### Instructions for the task
Return each entry word for word. Leave the images out.

- - - - -

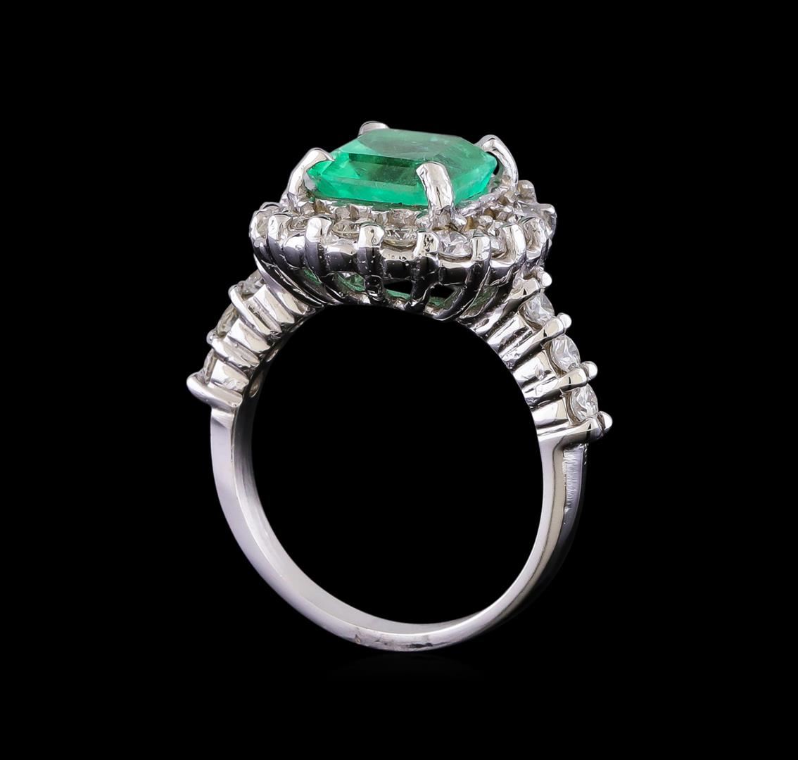 One electronically tested 14KT white gold lady's cast fashion ring with a basket halo with a bright polish finish. The featured lady's has a shank measuring 2.20 millimeters in width. Identified with markings of "14K". Condition is new, good workmanship. Containing: One prong set emerald step cut natural emerald, measuring 8.67 x 8.07 x 6.38mm, (depth est.) approximate weight of 2.78ct., clarity is moderately included, medium light, moderately strong, green color, (GIA G 4/4), cut is good. Transmitting light somewhat diffusely, transparent to translucent. Indications of oil residue. Naturally occurring internal & external characteristics are present. Colored gemstones are presumed to have been subjected to commonly used enhancement processes. Graded in the setting. Twenty-Two prong set round brilliant cut diamonds, measuring 2.35 - 2.25 x 1.44mm (depth est.) approximate total weight of 22 Stones = 1.04ct. Graded in the setting. Clarity: SI-1 to SI-2. Color: H - I. Cut Good. Total Weight of Colored Stones 2.78ct. Total Weight of Diamonds 1.04ct. Total Weight of Ring 7.00gm. GAS Appraised.
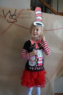For the snacks I made Green Eggs and Ham and then little Cat in the Hat treats on a stick.
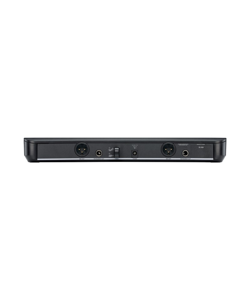 Double wireless system complete for singers and animators composed of a two-channel BLX88E receiver, two BLX2 ice-cream transmitters with Dynamic Cardioded SM58 capsule, supplied with two WA371 terminal supports per rod Microphone.
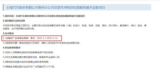 >>招标信息显示,长城汽车准备给泰州工厂引进一套电池包装配机械手设备,要求辅助人员完成HEV车型电池包的装配任务,设备到厂安装调试周期为2021.5.1-2021.5.15。> >
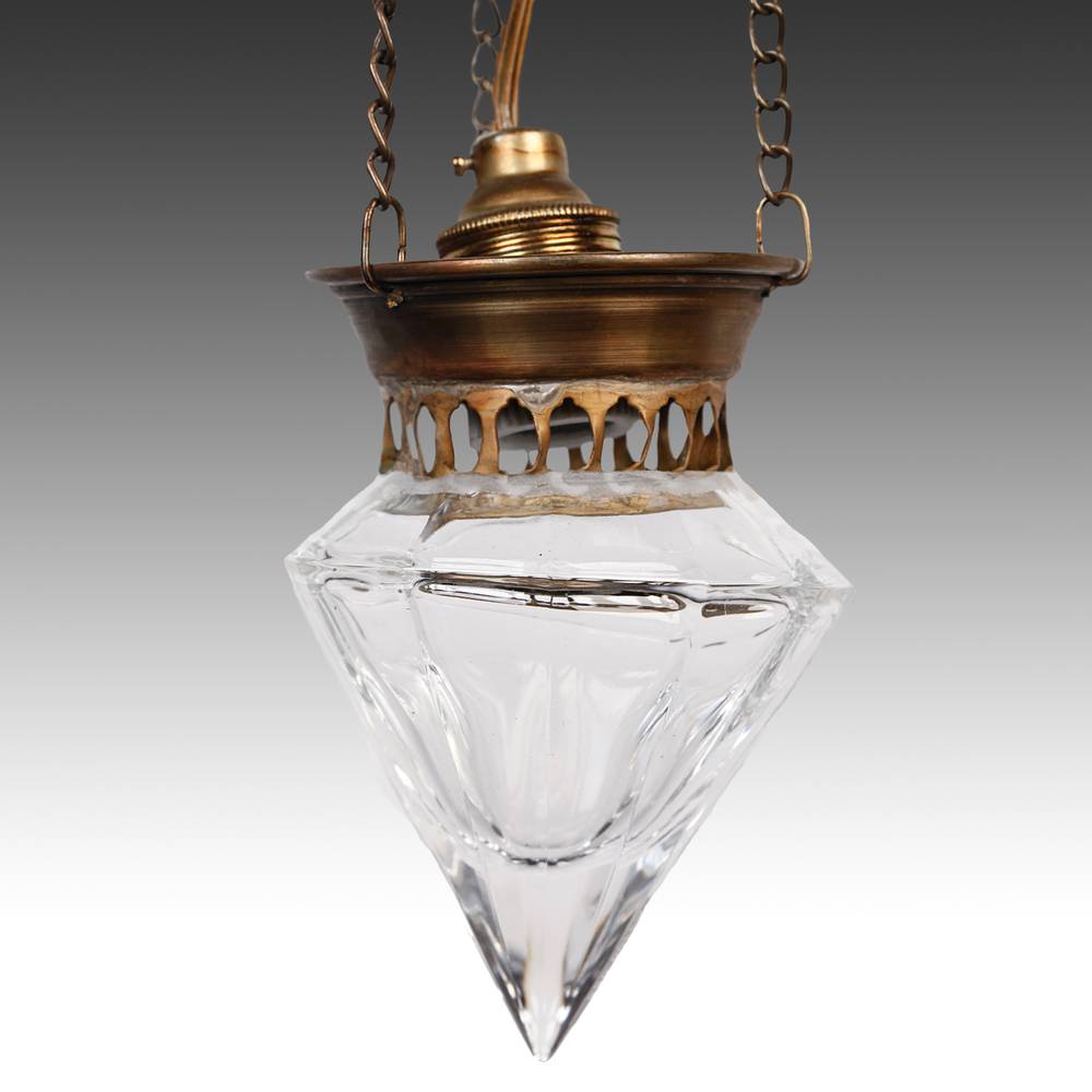 These lamps are crafted from antique Czech and Bohemian hand-blown glass and crystal stemware. Turkish artisans then designed and fabricated custom brass fittings to highlight the form and color of each.
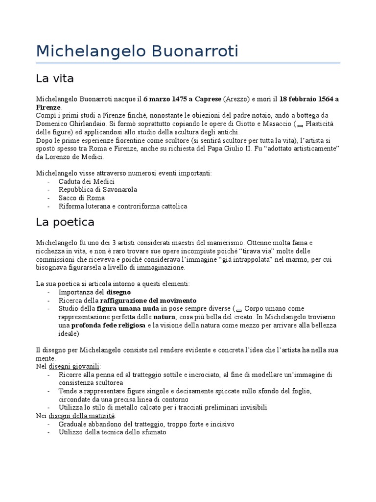 Michelangelo Buonarroti nacque il 6 marzo 1475 a Caprese (Arezzo) e mor il 18 febbraio 1564 a
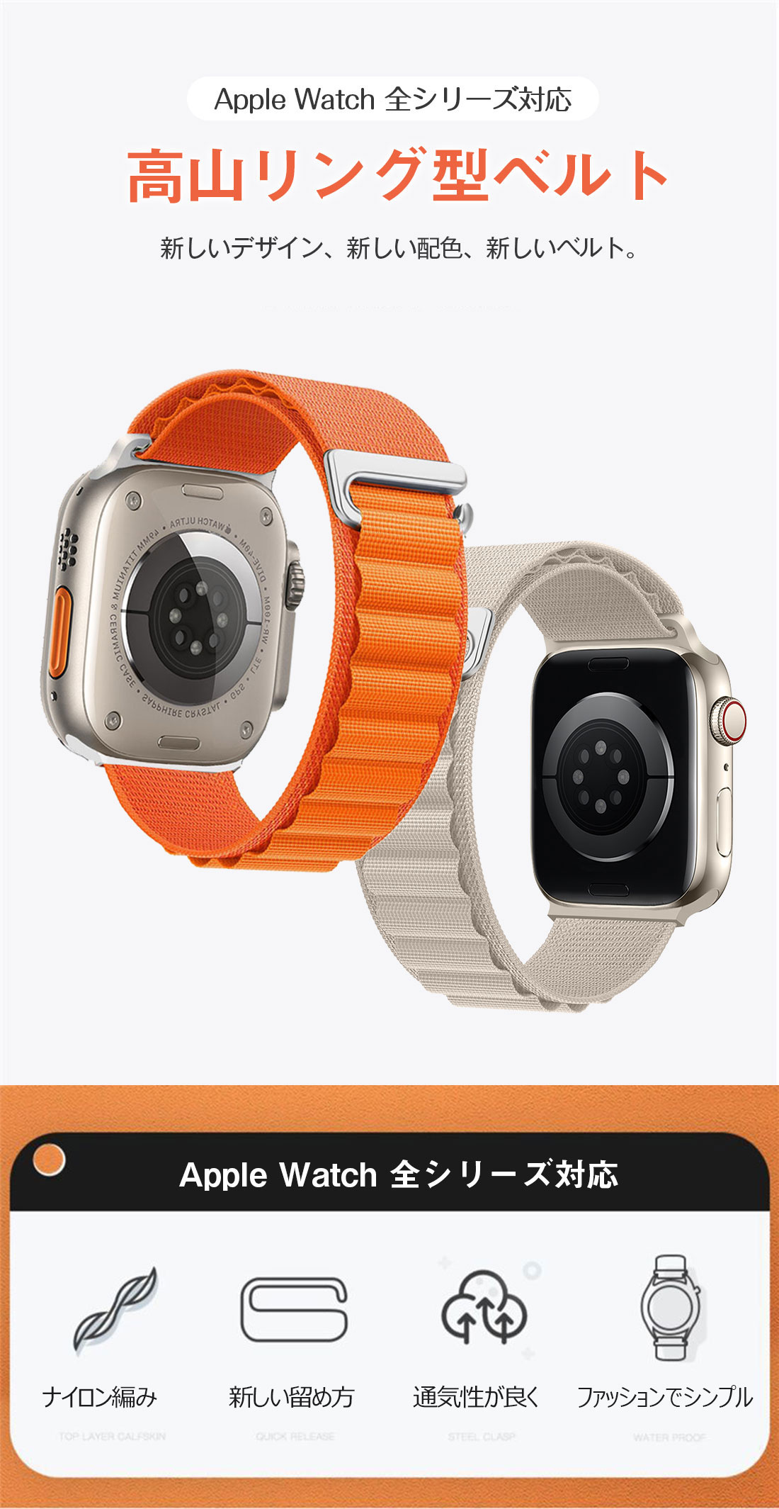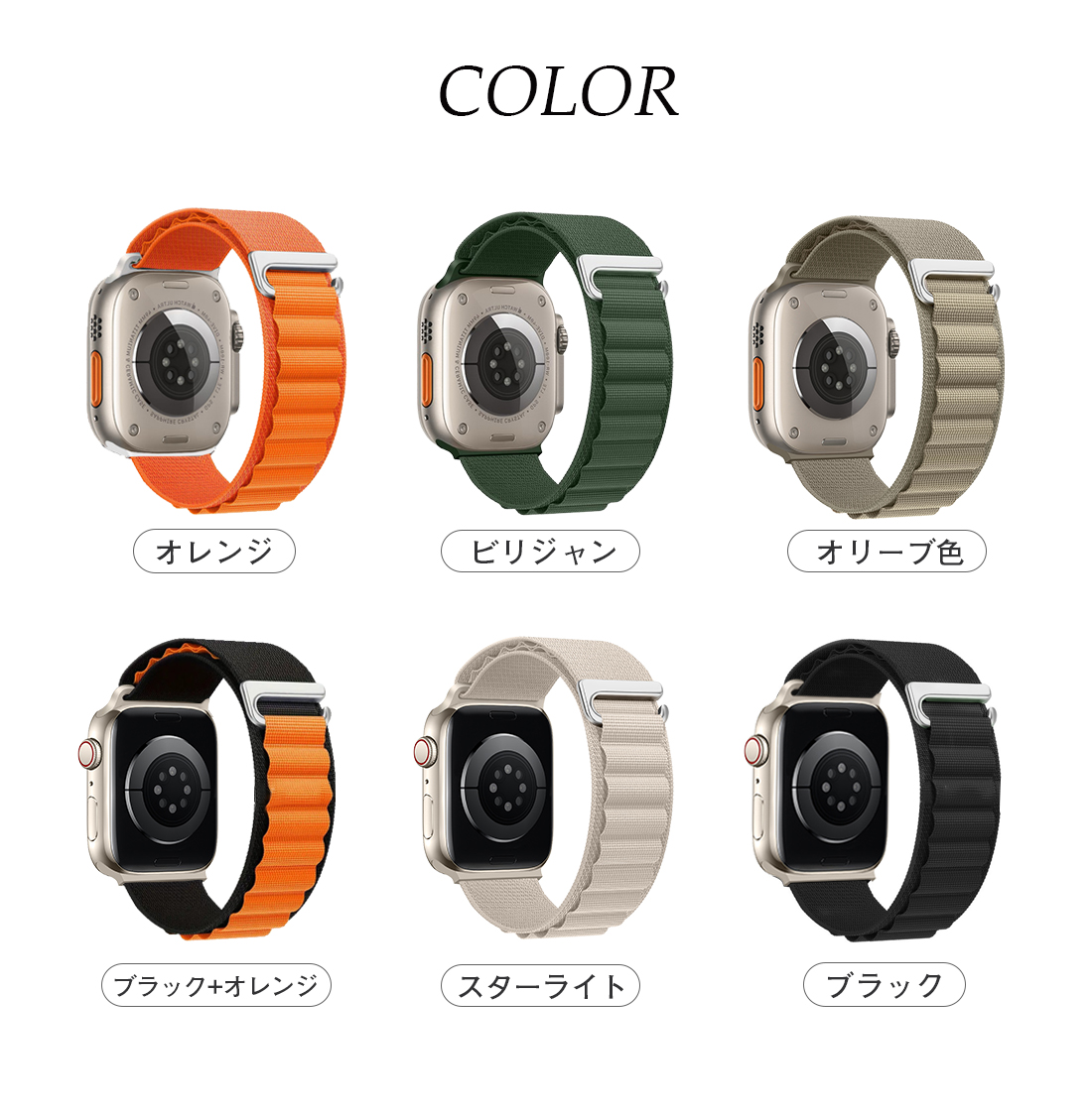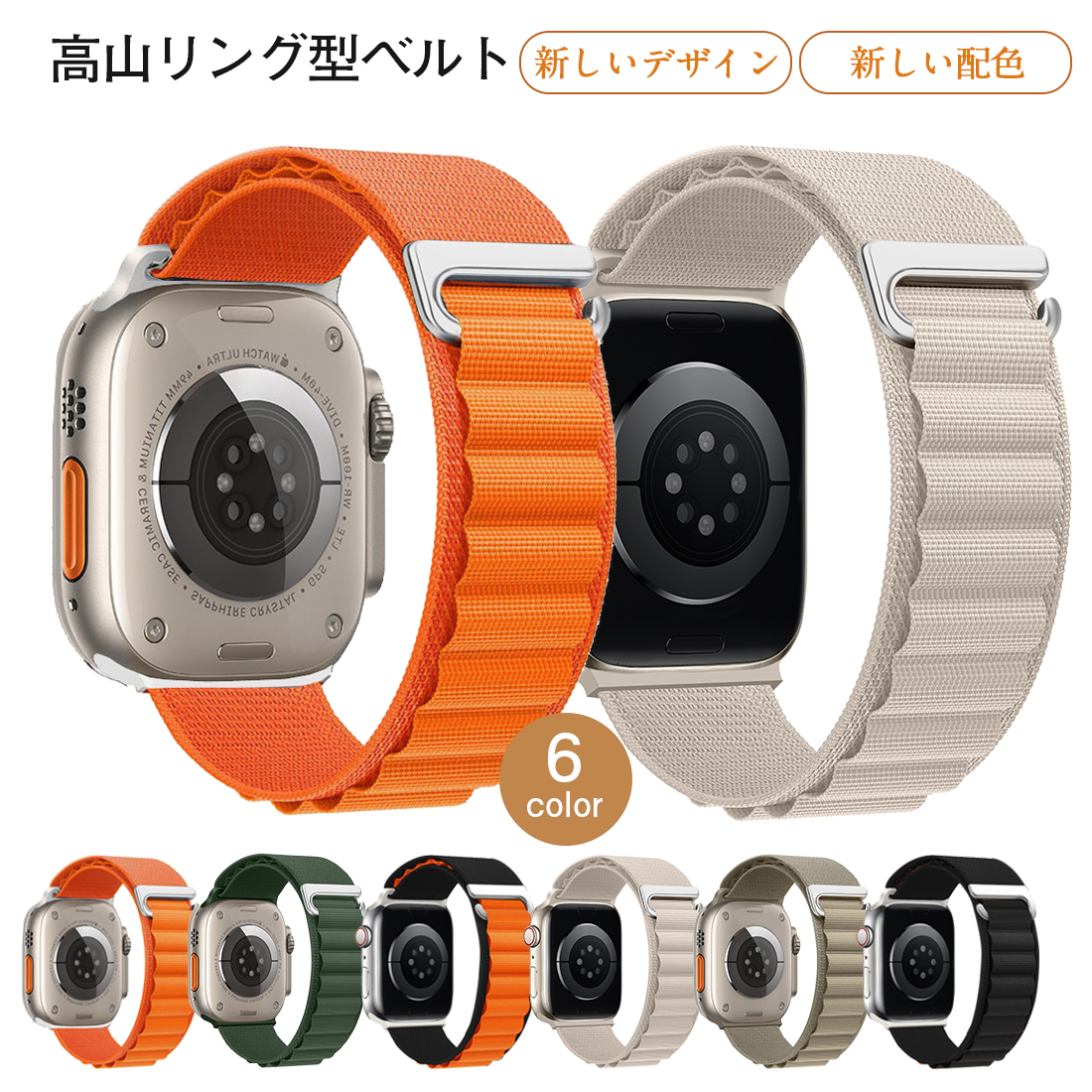 アップルウォッチ バンド アルパインル 腕時計用アクセサリー 腕時計用ベルト バンド 新作 38/40/41/42(Series10)mm用 42(Series3/2/1)/44/45/46/49mm用 スターライト ライトグレー ダークグレー ブルー ダークブルー ライトグリーン グリーン ブルーグリーン ブラック ブラック&オレンジ ピンク ライトパープル パーブル ローズ ワインレッド イエロー オレンジ オレンジ&スターライト オリーブ インディゴ
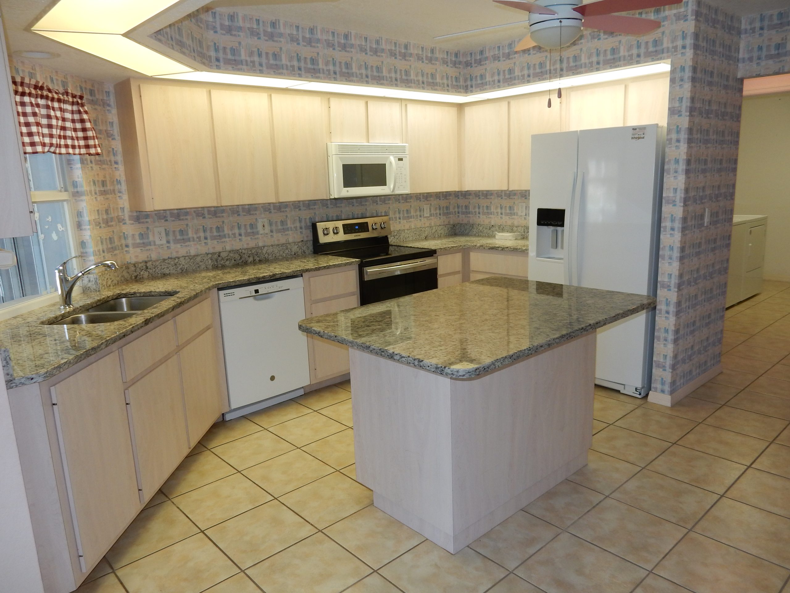 has a convection oven. A window overlooking the countryside. A nearby half bath with a granite-topped wood vanity is ideal for guests or future

- - - - -

### Exercise answer
 One electronically tested 14KT white gold lady's cast fashion ring with a basket halo with a bright polish finish. The featured lady's has a shank measuring 2.20 millimeters in width. Identified with markings of "14K". Condition is new, good workmanship. Containing: One prong set emerald step cut natural emerald, measuring 8.67 x 8.07 x 6.38mm, (depth est.) approximate weight of 2.78ct., clarity is moderately included, medium light, moderately strong, green color, (GIA G 4/4), cut is good. Transmitting light somewhat diffusely, transparent to translucent. Indications of oil residue. Naturally occurring internal & external characteristics are present. Colored gemstones are presumed to have been subjected to commonly used enhancement processes. Graded in the setting. Twenty-Two prong set round brilliant cut diamonds, measuring 2.35 - 2.25 x 1.44mm (depth est.) approximate total weight of 22 Stones = 1.04ct. Graded in the setting. Clarity: SI-1 to SI-2. Color: H - I. Cut Good. Total Weight of Colored Stones 2.78ct. Total Weight of Diamonds 1.04ct. Total Weight of Ring 7.00gm. GAS Appraised.
For the snacks I made Green Eggs and Ham and then little Cat in the Hat treats on a stick.
 Double wireless system complete for singers and animators composed of a two-channel BLX88E receiver, two BLX2 ice-cream transmitters with Dynamic Cardioded SM58 capsule, supplied with two WA371 terminal supports per rod Microphone.
 >>招标信息显示,长城汽车准备给泰州工厂引进一套电池包装配机械手设备,要求辅助人员完成HEV车型电池包的装配任务,设备到厂安装调试周期为2021.5.1-2021.5.15。> >
 These lamps are crafted from antique Czech and Bohemian hand-blown glass and crystal stemware. Turkish artisans then designed and fabricated custom brass fittings to highlight the form and color of each.
 Michelangelo Buonarroti nacque il 6 marzo 1475 a Caprese (Arezzo) e mor il 18 febbraio 1564 a
 アップルウォッチ バンド アルパインル 腕時計用アクセサリー 腕時計用ベルト バンド 新作 38/40/41/42(Series10)mm用 42(Series3/2/1)/44/45/46/49mm用 スターライト ライトグレー ダークグレー ブルー ダークブルー ライトグリーン グリーン ブルーグリーン ブラック ブラック&オレンジ ピンク ライトパープル パーブル ローズ ワインレッド イエロー オレンジ オレンジ&スターライト オリーブ インディゴ
 has a convection oven. A window overlooking the countryside. A nearby half bath with a granite-topped wood vanity is ideal for guests or future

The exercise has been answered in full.